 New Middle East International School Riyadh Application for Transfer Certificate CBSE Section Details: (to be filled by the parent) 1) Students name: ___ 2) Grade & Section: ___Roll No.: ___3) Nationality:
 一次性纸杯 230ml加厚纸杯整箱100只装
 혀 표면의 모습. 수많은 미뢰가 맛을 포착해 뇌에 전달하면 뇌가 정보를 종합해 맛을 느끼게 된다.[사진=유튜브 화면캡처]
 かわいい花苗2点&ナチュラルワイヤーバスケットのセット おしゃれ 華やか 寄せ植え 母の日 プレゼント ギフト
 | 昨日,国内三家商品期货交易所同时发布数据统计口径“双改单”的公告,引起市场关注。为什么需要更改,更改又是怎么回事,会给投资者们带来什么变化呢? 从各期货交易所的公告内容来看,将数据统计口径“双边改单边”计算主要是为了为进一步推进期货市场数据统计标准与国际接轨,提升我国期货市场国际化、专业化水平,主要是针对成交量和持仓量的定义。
--
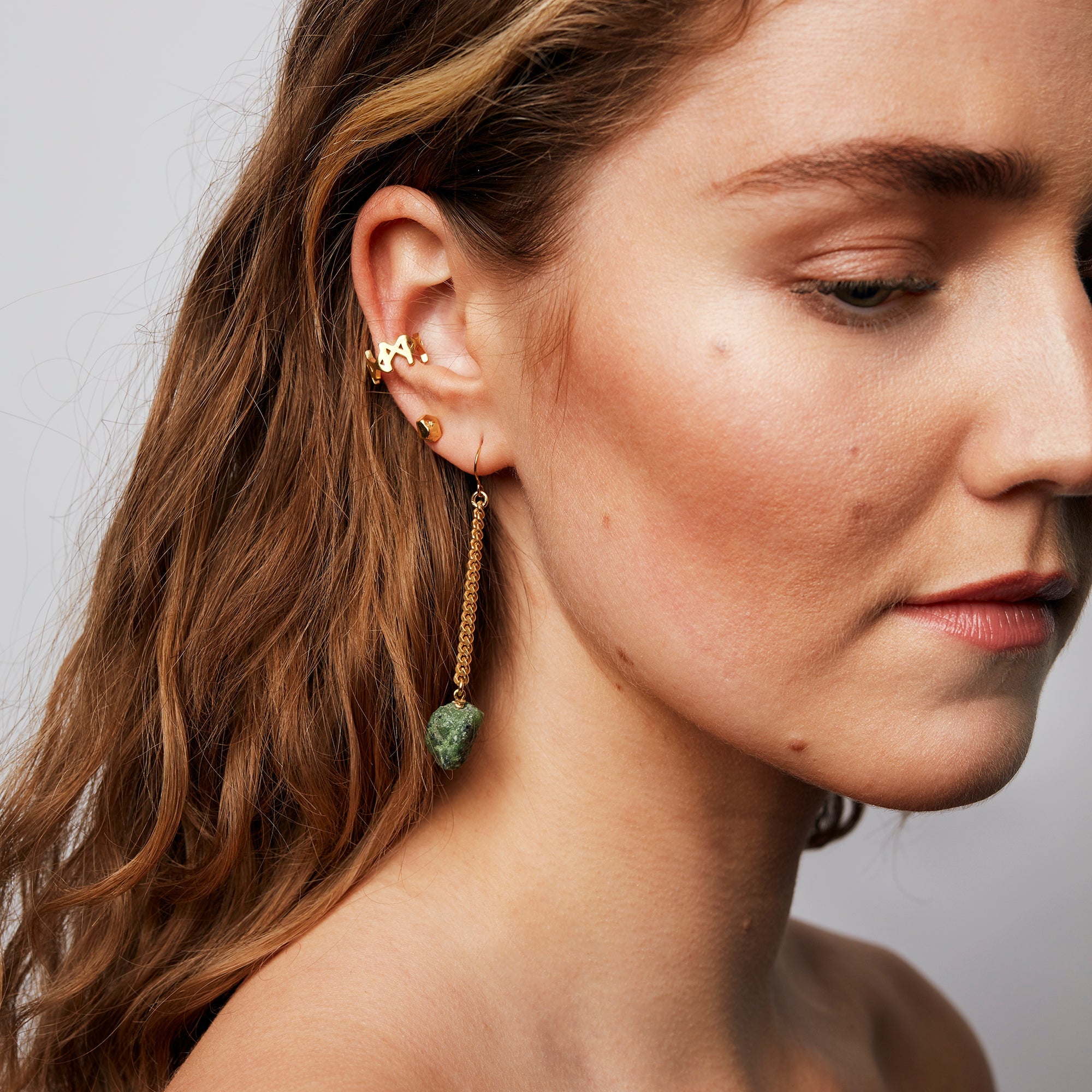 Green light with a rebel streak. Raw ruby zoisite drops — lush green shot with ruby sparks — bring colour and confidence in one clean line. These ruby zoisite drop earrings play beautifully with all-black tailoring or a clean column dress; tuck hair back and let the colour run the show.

▶ WHAT IS NEEDED: Everything from the line with "New Middle East" through the line with "一次性纸杯 230ml加厚纸杯整箱100只装" should be written out exactly as it appears above, end lines included, and nothing outside that range.

▶ RESULT BELOW:
 New Middle East International School Riyadh Application for Transfer Certificate CBSE Section Details: (to be filled by the parent) 1) Students name: ___ 2) Grade & Section: ___Roll No.: ___3) Nationality:
 一次性纸杯 230ml加厚纸杯整箱100只装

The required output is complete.